*** Begin section ***

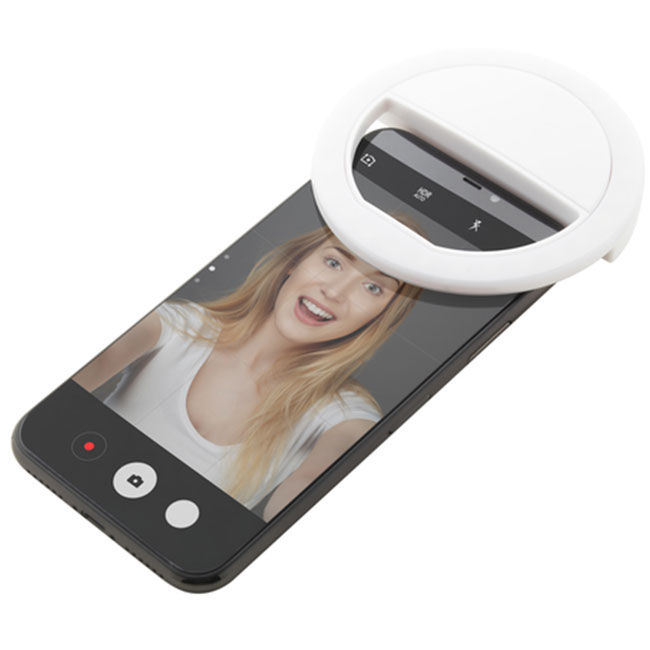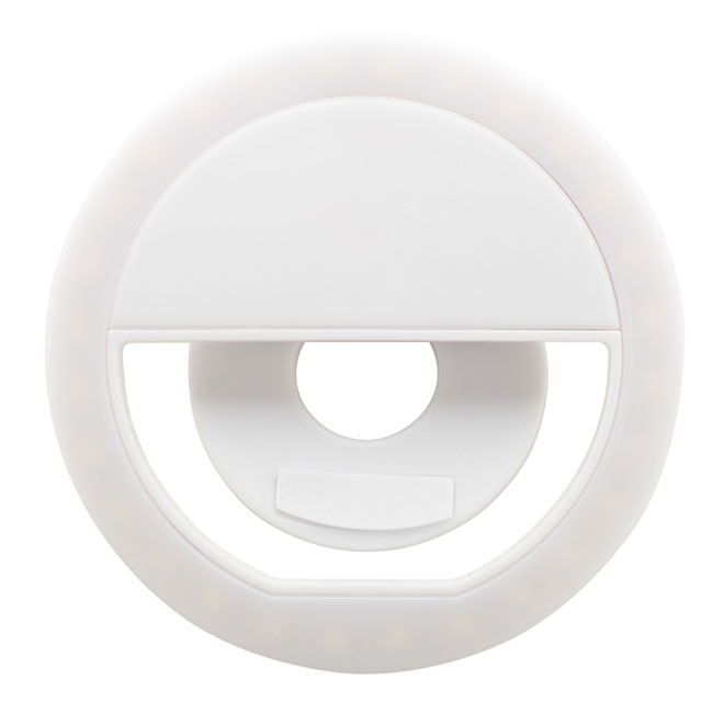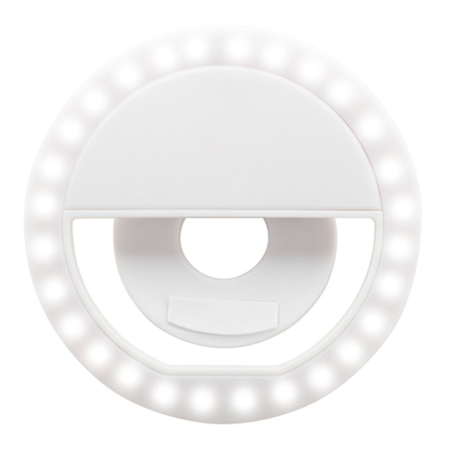 Пластмасова селфи ринг лампа с 28 LED светлини за мобилни телефони. С 3 регулируеми нива на яркост и вградена презареждаема батерия. Включва USB кабел за зареждане.
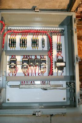 30" x 24" x 10" Enclosure box with circuits to independently start and stop three 2 horse power, 3 phase motors. There is circuits for 2 SCR drives with jumpers to bypass the SCR circuits. The box weighs 120 lb and local pickup is an option.
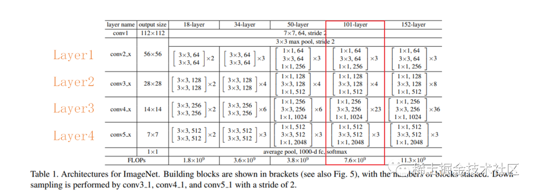 呀呀呀,在上一小节已经透露了,DeepLabV2使用的backbone为resnet,这可以说是最常见的一种网络了,是由咱们中国人何恺明大佬提出的,还不清楚的快点击☞☞☞学起来叭。这里为方便读者阅读,贴出resnet的相关参数,如下图:【以resnet101为例】
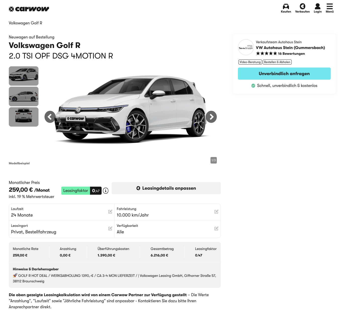 Kalkuliert ist das Angebot auf 24 Monate Laufzeit und 10.000 Kilometer pro Jahr, beides lässt sich in der Regel anpassen. Entscheidend bleibt jedoch die Rate. 259 Euro brutto pro Monat für einen Golf R sind eine klare Ansage. Im direkten Vergleich verlangt der Marktführer aktuell 749 Euro brutto. Damit spielt dieses Angebot preislich in einer komplett anderen Liga und macht den Golf R plötzlich erreichbar für alle, die Performance fahren wollen, ohne in Regionen klassischer Sportwagen vorzustoßen.

*** End section ***

What to do
All of the material above should be copied exactly, minus the pictures.

Written answer
 Пластмасова селфи ринг лампа с 28 LED светлини за мобилни телефони. С 3 регулируеми нива на яркост и вградена презареждаема батерия. Включва USB кабел за зареждане.
 30" x 24" x 10" Enclosure box with circuits to independently start and stop three 2 horse power, 3 phase motors. There is circuits for 2 SCR drives with jumpers to bypass the SCR circuits. The box weighs 120 lb and local pickup is an option.
 呀呀呀,在上一小节已经透露了,DeepLabV2使用的backbone为resnet,这可以说是最常见的一种网络了,是由咱们中国人何恺明大佬提出的,还不清楚的快点击☞☞☞学起来叭。这里为方便读者阅读,贴出resnet的相关参数,如下图:【以resnet101为例】
 Kalkuliert ist das Angebot auf 24 Monate Laufzeit und 10.000 Kilometer pro Jahr, beides lässt sich in der Regel anpassen. Entscheidend bleibt jedoch die Rate. 259 Euro brutto pro Monat für einen Golf R sind eine klare Ansage. Im direkten Vergleich verlangt der Marktführer aktuell 749 Euro brutto. Damit spielt dieses Angebot preislich in einer komplett anderen Liga und macht den Golf R plötzlich erreichbar für alle, die Performance fahren wollen, ohne in Regionen klassischer Sportwagen vorzustoßen.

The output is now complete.